-- DATA SECTION follows --

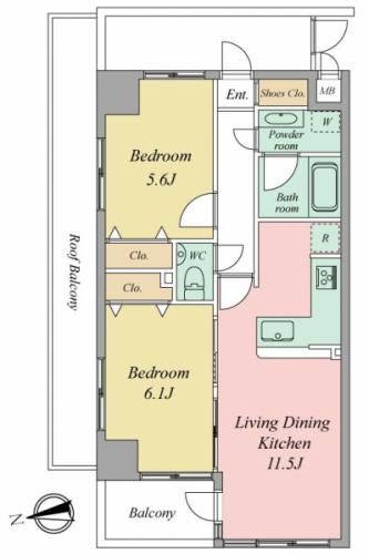 間取り 2LDK 専有面積 51.25m2(15.5坪) 壁芯
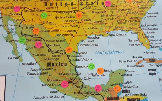 With help from Guatemalan parishioners, we created a map showing the route they would have taken to migrate and calculated the total miles. We printed T-shirts and passed out pedometers. Throughout the summer months, parishioners are tracking the miles they walk and reporting them weekly to the parish. We're tallying them and moving a pushpin along the map to show our progress. The pushpin is a monarch butterfly, the international symbol of migration.
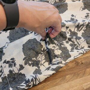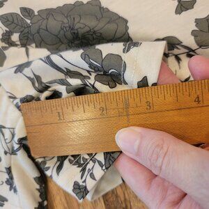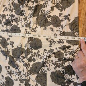 white with dark olive green floral print flowers scattered
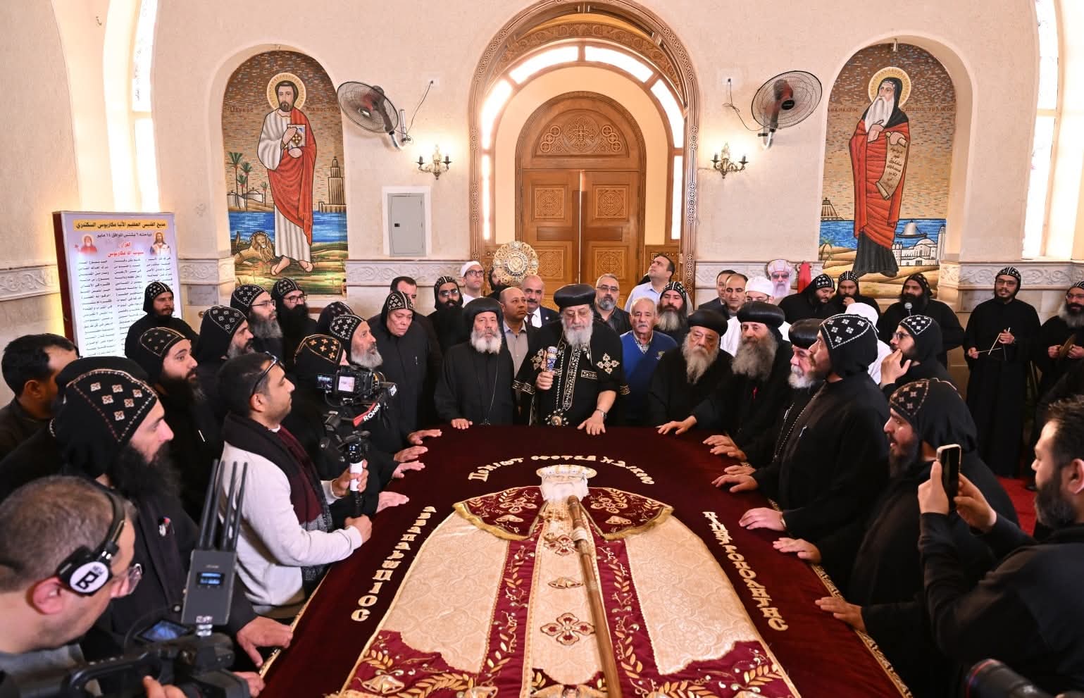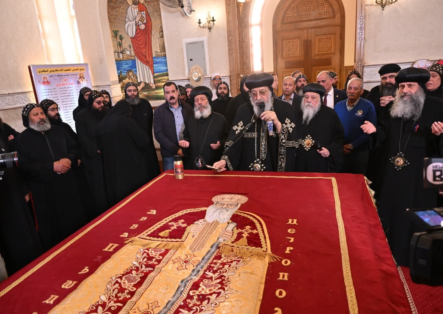 ووضع قداسة البابا الأطياب والحنوط على المقبرة بمشاركة ستة من أحبار الكنيسة إلى جانب نيافة الأنبا باخوميوس أسقف ورئيس الدير ذاته.

-- DATA SECTION concluded --

TASK TO CARRY OUT: Write the material out again exactly. Skip each picture.

EXERCISE OUTPUT:
 間取り 2LDK 専有面積 51.25m2(15.5坪) 壁芯
 With help from Guatemalan parishioners, we created a map showing the route they would have taken to migrate and calculated the total miles. We printed T-shirts and passed out pedometers. Throughout the summer months, parishioners are tracking the miles they walk and reporting them weekly to the parish. We're tallying them and moving a pushpin along the map to show our progress. The pushpin is a monarch butterfly, the international symbol of migration.
 white with dark olive green floral print flowers scattered
 ووضع قداسة البابا الأطياب والحنوط على المقبرة بمشاركة ستة من أحبار الكنيسة إلى جانب نيافة الأنبا باخوميوس أسقف ورئيس الدير ذاته.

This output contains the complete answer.